I hope you are ready.  I feel pretty good about it, at least for The Boy.  I hope we still get to spend some family time together, and it doesn’t fly by too fast.  It’s still my favorite season.

Let us know what you’ve got planned in the comments!

ESY Is Different Down Here

ESY, or Extended School Year, has been a mainstay of The Boy’s summer experience since he was six years old.  I have written about some of his experiences in the past, and he always looked forward to it when we lived up north.  Last year, he struggled with adapting to a summer day camp which did not include computers, and was not like school very much at all, although he ended up enjoying the experience and meeting some new (and long-lasting) friends.

Before we moved here, I asked some parents with whom I had connected in advance, through the autism society’s local chapter whether or not they knew anything about the local ESY program.  They had no idea what I was talking about…

“Uh-oh”, I thought.

When we went through the IEP process this year, the assistant director for special education for the school district was involved (because I was trying to get The Boy into his current program, and being the warrior mom that I need to be to get things done from time to time), and she indicated then that ESY for this summer would be a long-shot.  We would have to prove he needed it with data. “I’ve got six years of data backing me up,” I thought.

And this year’s IEP rolled around and his special ed teacher for language arts and math basically explained that even if he did qualify, which she clearly didn’t believe he did, it was very different from what we had experienced up north.  Down here, it was basically one-on-one tutoring with an aide for a few hours a week.

“Oh crap,” I thought.

I immediately began to devise activities with which I could supplement his summer camp – was there a computer camp or cartooning lessons I could find somewhere (and could I even afford it)?

The Boy’s program teacher called about two weeks later to let me know that they had determined that The Boy would qualify for ESY this year, because he had had it for so many years, and that they would continue to collect data next school year to determine whether or not he would qualify for the following year.

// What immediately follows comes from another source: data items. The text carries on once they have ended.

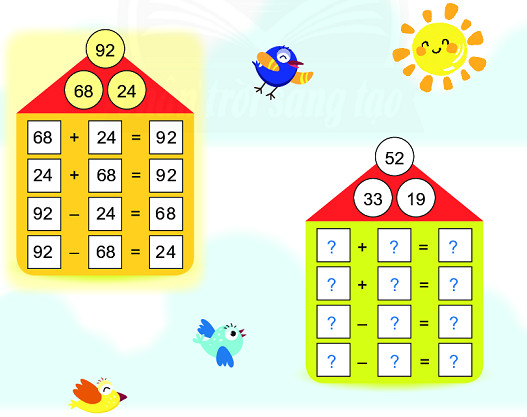 Quan sát ta thấy tổng của 33 và 19 là 52, từ đó ta viết được phép cộng, từ phép cộng ta viết được các phép trừ tương ứng.
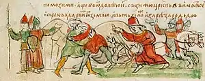The Laurentian Codex provides the following information.[1][2] In 1022, Prince Mstislav the Brave, who at the time was the prince of Tmutarakan, started a military operation against the Alans. During the operation, he encountered the Kassogian army commanded by Rededya. To avoid unnecessary bloodshed, Mstislav and Rededya, who possessed an extraordinary physical strength, decided to have a personal fight, with the condition that the winner would be considered the winner of the battle. The fight lasted some hours and, eventually, Rededya was knocked to the ground and stabbed with a knife.[3] The subjects of Rededya were forced to admit defeat. Mstislav ascribed his win to the Virgin, whom he prayed to before the battle.
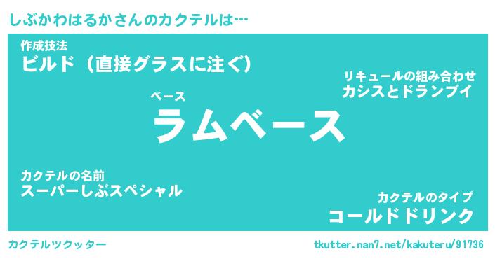 | ヒーロー風カッコイイあだ名 | 『スーパーシブカワハルカ』 |

“Yay… kind of,” I thought.

Now we need to determine where this “ESY” experience will occur, and how often and for how long.  Luckily he will have his program teacher, which helps with the continuity.  But it remains to be seen how effective this brand of summer enrichment will be toward maintaining the structure and routine that most kids on the spectrum need through the summer months.

sandy boy

Autism and Progress

The Boy earned all A’s this quarter, and I was so proud.  I was over the moon, though, when I read his program teacher’s comment that he has made great strides with his social communication over the past two quarters (ever since he has started at his current school).

progress

You see, report cards don’t tell you much about neuro-typical kids, let alone those on the spectrum.  Traditional report cards, anyway.  They don’t tell you about improvement and progress, they are simply a snapshot made up of a bunch of other snapshots about whether or not your kid knows what the female reproductive part of the flower is, or what an Egyptian dynasty is.  Those snapshots do not tell you whether or not your child is making friends, able to initiate a conversation, or independently pack his own backpack.  Report cards most definitely don’t tell you those things.

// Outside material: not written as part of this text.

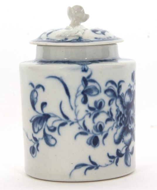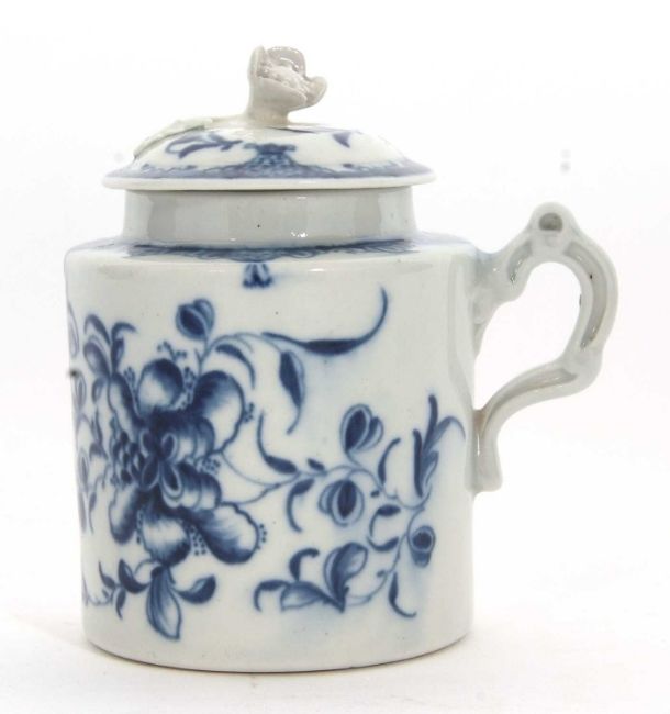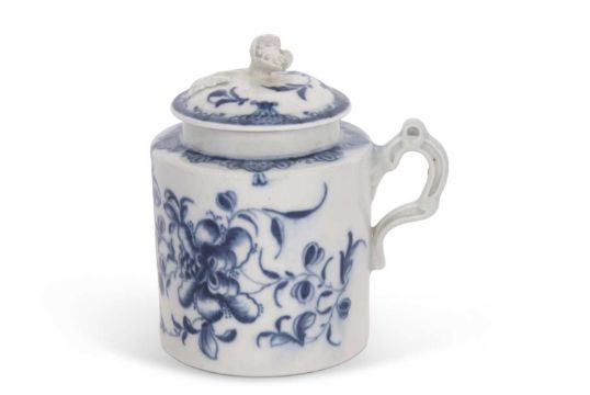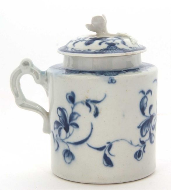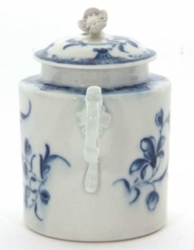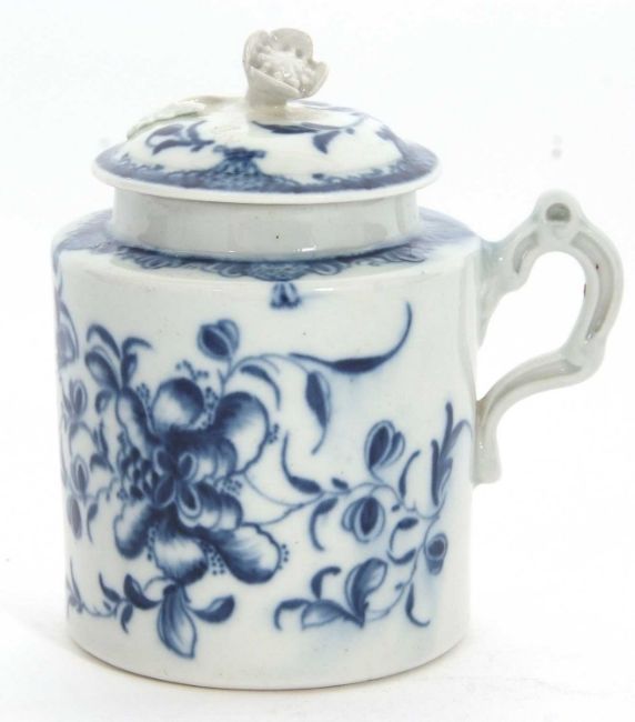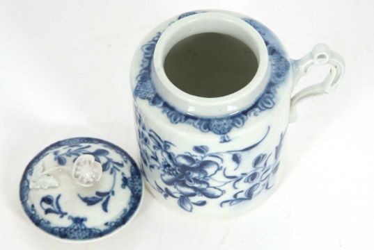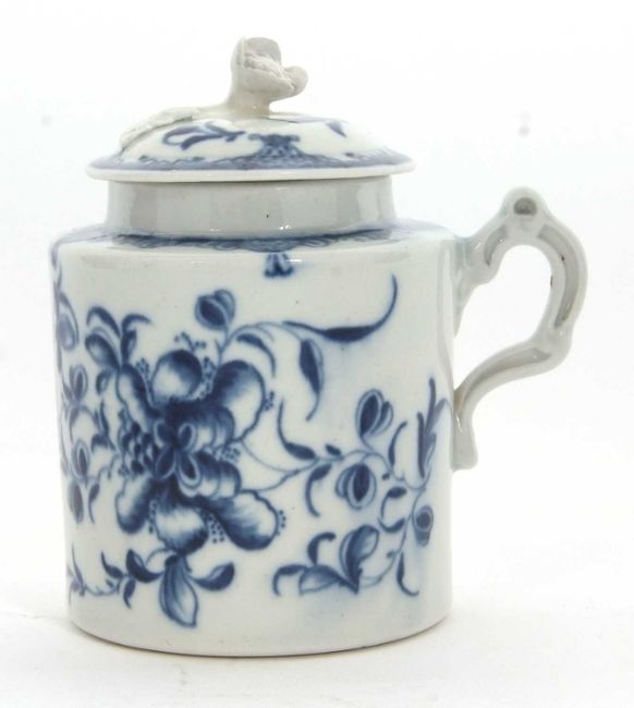 An 18th Century Worcester mustard pot and cover with floral design

And in an autism household, where we take every day as it comes, and don’t think too long or hard about where The Boy will be and what he will be doing in 10 years, because there is no way to predict, and therefore little practical use in worrying/dreaming about it, I really don’t care if he knows what an acute angle is, or what the word “illuminate” means.  I’m very glad he has access to the 6th grade curriculum (and would be fighting the system tooth and nail if he didn’t), but I know how little of it he will actually use in his day-to-day life (because no one really uses any of it in their day-to-day lives, neurotypical nor on-the-spectrum).  I am much more interested in that IEP progress report that tells me how he’s doing in terms of counting change, and flexibility with his schedule.  That set of stapled sheets that is a report on the defined goals that the people who know him best have set for him for the year is way more important to me.  Because the more he succeeds at making progress toward those goals, the more I can plan for his future.  Because those skills, the being-able-to-make-a-joke-that-cracks-up-the-entire-band-class-including-the-teacher skills?  Those are the ones he’s gonna need when he’s done with school.  And those are the ones I care about.

The Lego Movie: An Autism Mom’s Review

Last weekend, Grammy and I took The Boy to see the Lego Movie, and if you haven’t seen it, you should.  It is delightful, and not just for children.

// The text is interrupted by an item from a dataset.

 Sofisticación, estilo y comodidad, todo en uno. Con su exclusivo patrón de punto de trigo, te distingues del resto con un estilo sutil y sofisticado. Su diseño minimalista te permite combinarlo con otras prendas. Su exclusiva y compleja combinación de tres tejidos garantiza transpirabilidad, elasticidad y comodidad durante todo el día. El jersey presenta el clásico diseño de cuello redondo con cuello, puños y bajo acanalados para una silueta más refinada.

The main reason I enjoyed it was the message.  For years, I have lamented the lack of room for creativity in today’s schools.  I used to have a poem somewhere about how school crushes creativity by creating sameness, and the paradox is that in a society that claims to celebrate the individual, the opposite is usually the case, at least as I have observed.

When I was young, I was involved in Odyssey of the Mind, which was a contest in creativity, giving kids the parameters of a problem, and seeing how they could solve the problem.  I don’t even know if it exitsts anymore, but  I doubt kids today would have any interest in something like that, let alone excel in it, and it’s through no fault of their own.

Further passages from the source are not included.